Recorded data
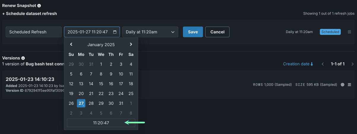 Click in the time picker. Use the arrows to change the time, setting the timestamp to the local time at which you want the snapshot to refresh. Click on the date to return to the full calendar view:
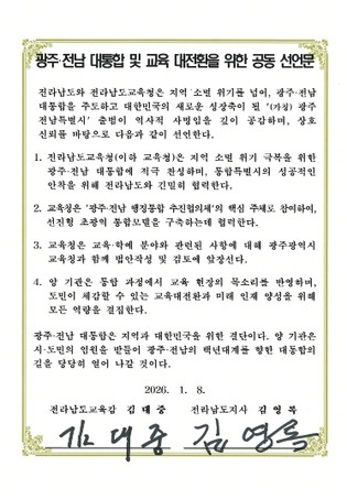 전라남도교육청-전라남도, 공동선언문 발표 “광주·전남 대통합과 교육대전환 긴밀히 ...
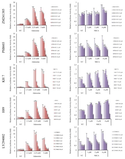 - Goulding, J.; May, L.T.; Hill, S.J. Characterisation of endogenous A2A and A2B receptor-mediated cyclic AMP responses in HEK 293 cells using the GloSensor™ biosensor: Evidence for an allosteric mechanism of action for the A2B-selective antagonist PSB 603. Biochem. Pharmacol. 2018, 147, 55–66. [Google Scholar] [CrossRef]
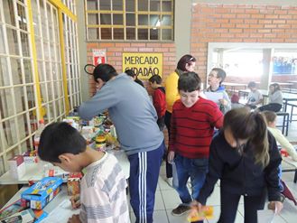 Os professores também criaram na escola o "MERCADO CIDADÃO", onde os alunos puderam aprender um pouco mais sobre o sistema monetário e como é efetivada a compra e venda de mercadorias.
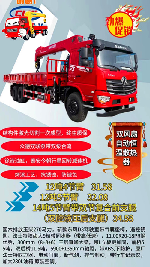 國六排放玉柴270馬力,新款東風D3駕駛室帶氣囊座椅,遙控鑰匙,法士特陜齒大9檔帶同步器(帶高低速),11.00R20-18PR鋼絲胎,300mm(8+8+6)三層直通大梁,帶L立板更加固,前橋55噸,雙后橋11.5噸,5900+1350mm軸距,帶ABS,下防護,原廠法士特取力器,電動門窗,斷氣剎,排氣制動,帶行車記錄儀,加大280L油箱,原裝空調。
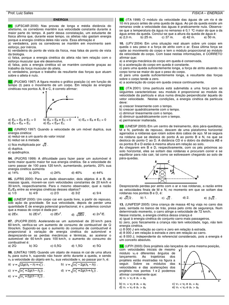 tempo (t) para o movimento de um corpo. Em relao s energias
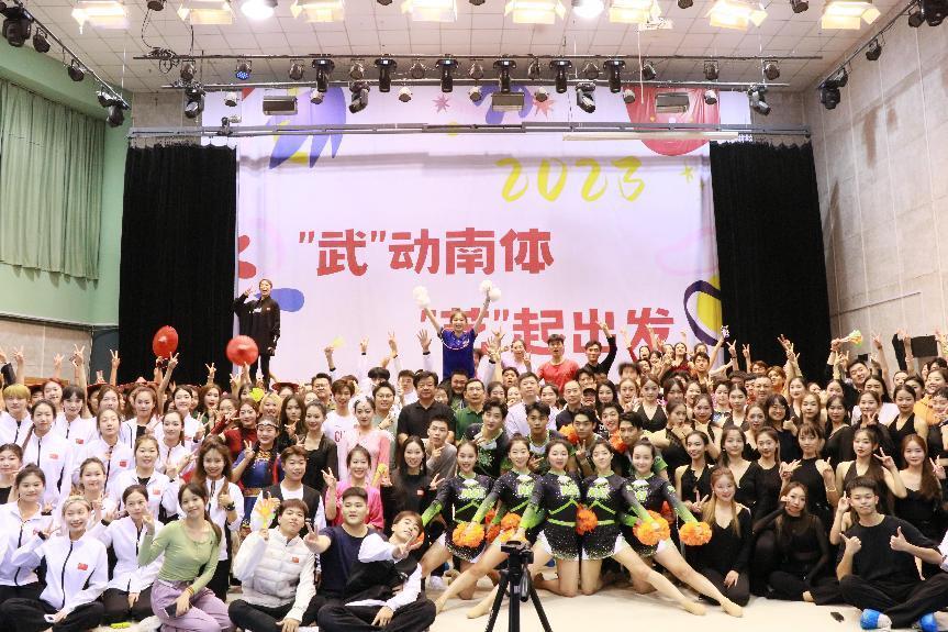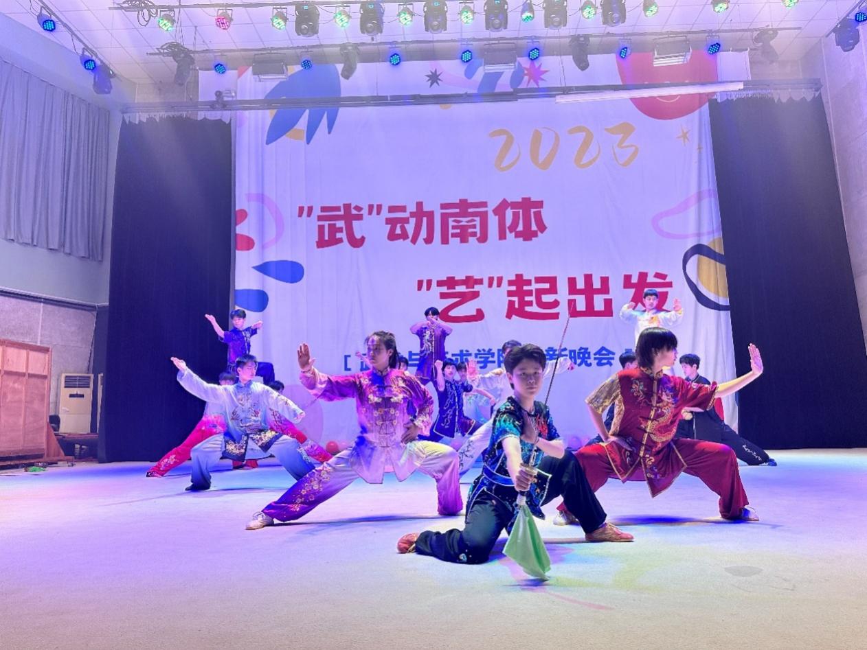 10月19日晚,武术与艺术学院“‘武’动南体,‘艺’起出发2023迎新生晚会”在体育馆二楼舞蹈房举行。武术与艺术学院全体教师和2023级新生一起观看晚会。
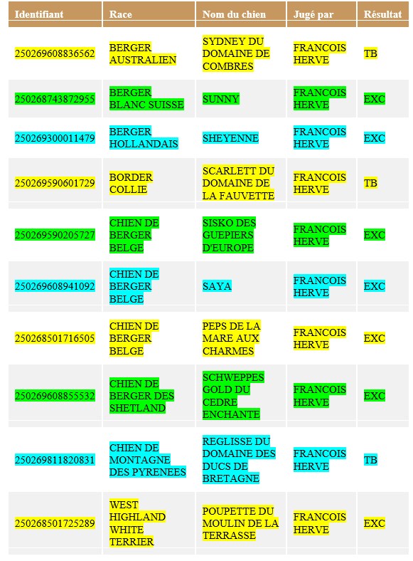 10 chiens participaient à cette épreuve. Tous ont été reçus.
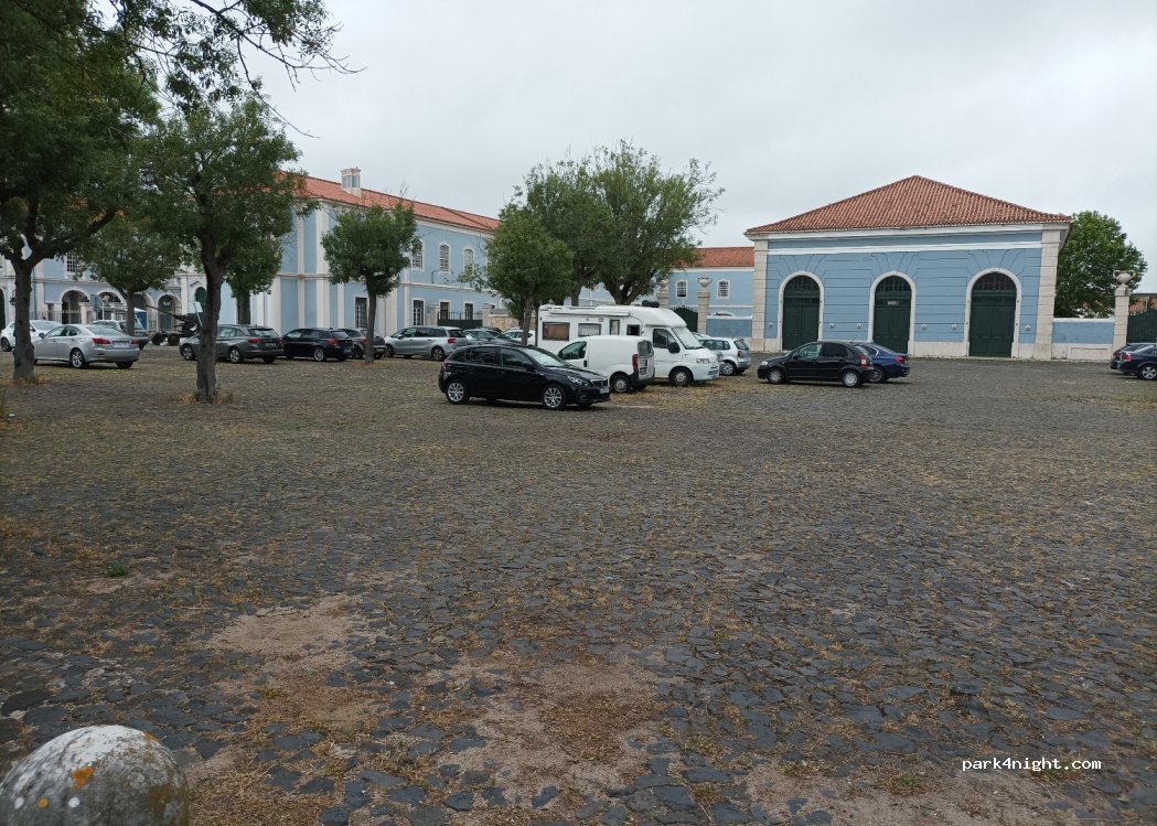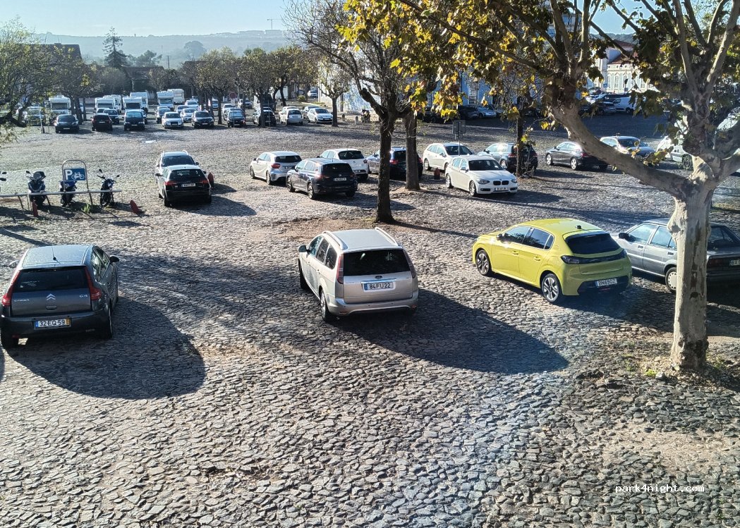 Bien meilleur que les 2 autres Parking en bas des tours. Endroit pavé, devant des bâtiments historiques, des arbres et de nombreuses places. Nous avons dormi sur place, plutôt bien, quelques bruits et aboiement la nuit ou au matin. N’hésitez pas à utiliser les app type Bolt pour aller sur Lisbonne en « Uber » avec des aller à 5-7€ pour 3/4 personnes. Le CC/AC est « sécurisé » pour la journée
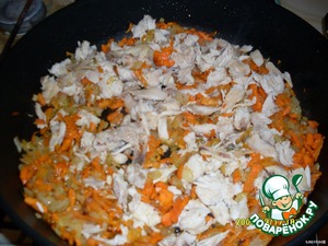 Сделать зажарку:обжарить курочку с луком и морковью
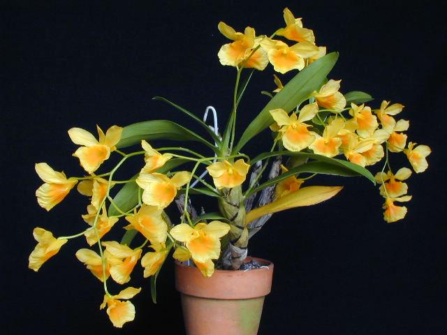 Den. capillipes var. elegance ’Suwada’ デンドロビウム カピリペス エレガンス ’スワダ’ ’01/4/2 撮影 インド、中国南部から タイ、 ベトナム にかけて広く分布。 花径 4 cm。 var. elegance は、capillipes とは別種で、Den. sukhakulii と書いてある本もある。 花着きよく、花も大きくて見栄 えする株です。
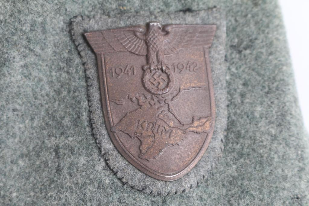 Original German WW2 issued M36 Feldbluse for a Panzer Grenadier Obergefreiter (Corporal). Rank insignia on left sleeve, with the Krim Shield above it (Military decoration awarded to those under Von Manstein who captured the Crimea region from the Red Army in 1941-42) The Romanian Crusade against Communism ribbon is sewn in the second button hole. Bevo Heer eagle, dark green badge cloth collar with machine sewn collar tabs, dark green shoulder boards with pink piping. green painted pebbled buttons. The second button is hanging by a thread, held by safety pin. Correct 3 holes for belt keepers, bandage pouch inside, rayon lining with faint ink stamps. Has some moth nips, nothing serious, does not detract. All 100% original. Did pass the black light test.
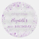 For an elegant 21st (or any age) birthday. A faux silver metallic looking background. Decorated with purple faux glitter dust. Personalise and add a date, name and age 21.
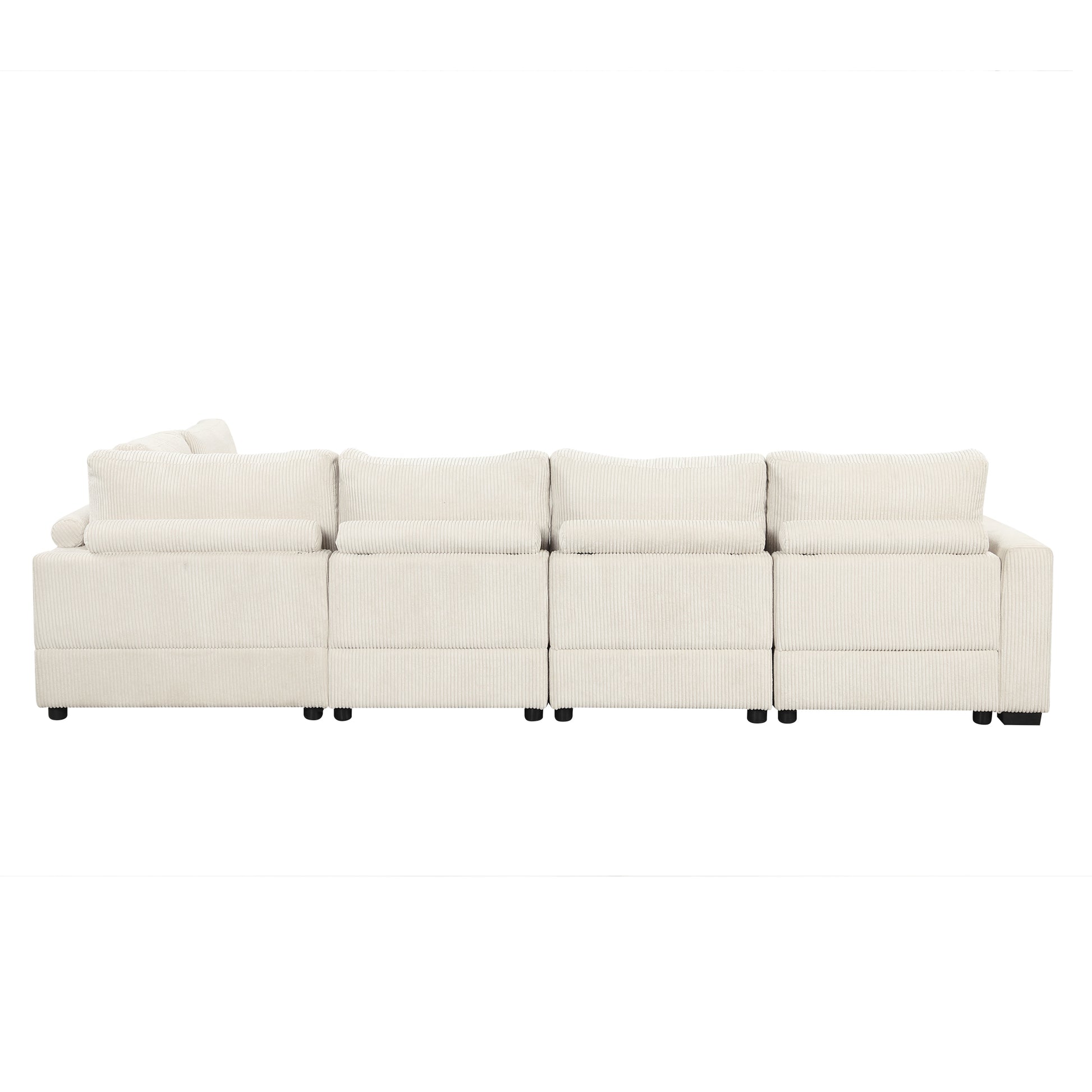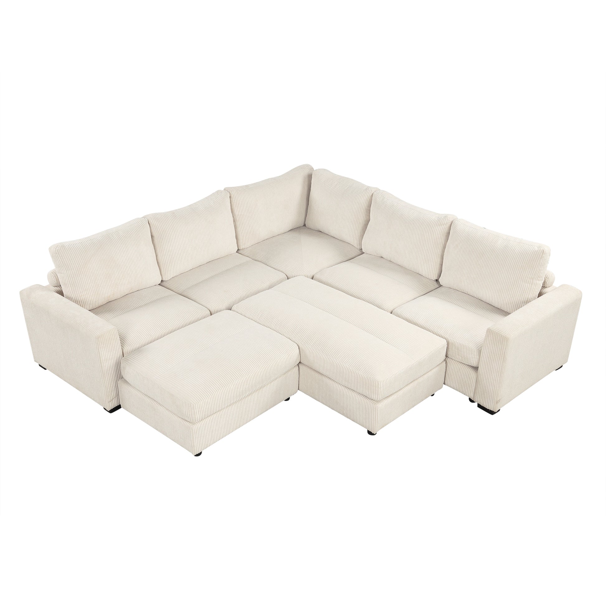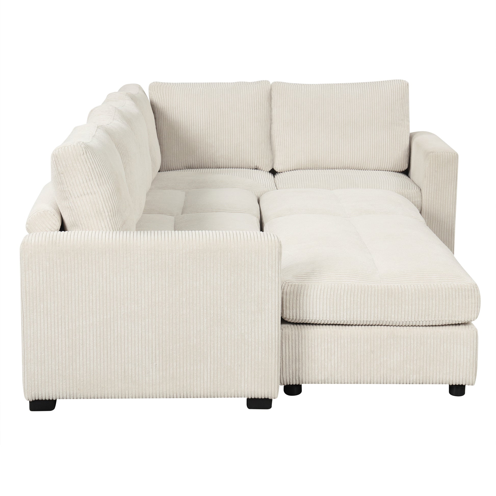 121.3" Sectional Couch Sofa Bed Modular Sofa With Two Movable Ottomans For Living Room Old Sku:N719S001640A , Beige Beige Foam Corduroy 7 Seat

- [ACTIVITY]: Pictures in the entries do not go into the copy. Print only the lines starting at the one containing "전라남도교육청-전라남도, 공동선언문 발표" and ending at the one containing "10 chiens participaient", exactly as they appear.

- [TASK RESULT]:
 전라남도교육청-전라남도, 공동선언문 발표 “광주·전남 대통합과 교육대전환 긴밀히 ...
 - Goulding, J.; May, L.T.; Hill, S.J. Characterisation of endogenous A2A and A2B receptor-mediated cyclic AMP responses in HEK 293 cells using the GloSensor™ biosensor: Evidence for an allosteric mechanism of action for the A2B-selective antagonist PSB 603. Biochem. Pharmacol. 2018, 147, 55–66. [Google Scholar] [CrossRef]
 Os professores também criaram na escola o "MERCADO CIDADÃO", onde os alunos puderam aprender um pouco mais sobre o sistema monetário e como é efetivada a compra e venda de mercadorias.
 國六排放玉柴270馬力,新款東風D3駕駛室帶氣囊座椅,遙控鑰匙,法士特陜齒大9檔帶同步器(帶高低速),11.00R20-18PR鋼絲胎,300mm(8+8+6)三層直通大梁,帶L立板更加固,前橋55噸,雙后橋11.5噸,5900+1350mm軸距,帶ABS,下防護,原廠法士特取力器,電動門窗,斷氣剎,排氣制動,帶行車記錄儀,加大280L油箱,原裝空調。
 tempo (t) para o movimento de um corpo. Em relao s energias
 10月19日晚,武术与艺术学院“‘武’动南体,‘艺’起出发2023迎新生晚会”在体育馆二楼舞蹈房举行。武术与艺术学院全体教师和2023级新生一起观看晚会。
 10 chiens participaient à cette épreuve. Tous ont été reçus.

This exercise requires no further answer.